Happy New Year
It's trite, I know, but the new year (inspires? incites?) makes you contemplative. Where did the past year go? What did you accomplish?
Actually, the past year was pretty darn amazing. I found my way back to emotional health, I got a new job and I bought a new house. HUGE. And how do I top that? We'll have to wait and see.
Not off to the most auspicious start ... I've been battling a headache for 4 days now. In an effort to be frugal, I didn't refill my birth control prescription thinking that it would be co-pay free if I waited until 2012. So I'm off the pill and wondering if the headache is really a hormone headache from not being on the pill. My body hasn't adjusted to making its own hormones again. Or maybe it's the weather - 40+ degrees in January and no snow. What's up with that? I probably should be putting this in my health blog.
Still in my pj's ... pretty much a wasted day. I can drop by the neighbor's dessert reception later (and I will). I have tomorrow off and I'm glad for the break. I need it. Lots of stress at work but that's why they pay me the big bucks.
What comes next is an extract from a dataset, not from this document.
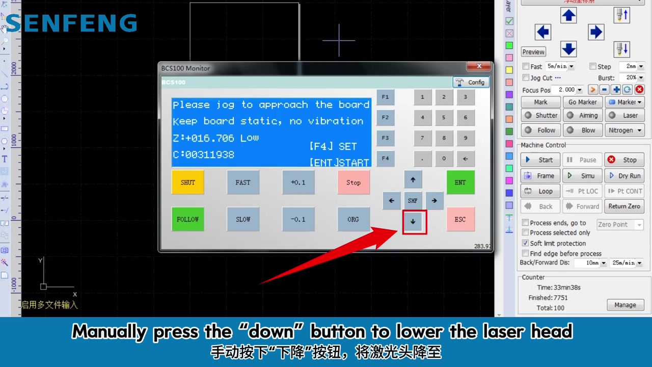 - Paso 4. Paso cuatro: pulse manualmente el botón de descenso para bajar el cabezal láser a aproximadamente 1 cm de la superficie de la pieza.

I've thought a lot about this in the last few weeks - I really am on good financial footing now. I can pay my bills and I often make purchases without even thinking about the cost. I'm lucky. Watched an episode of "30 Days" on NetFlix earlier and it was about trying to exist on minimum wage for 30 days. Damn near impossible. I have a home and I can pay for the heat and electric. I have health insurance and am putting money away for retirement. Lucky.
So yes, Happy New Year to me, and to you. May it be our best year yet!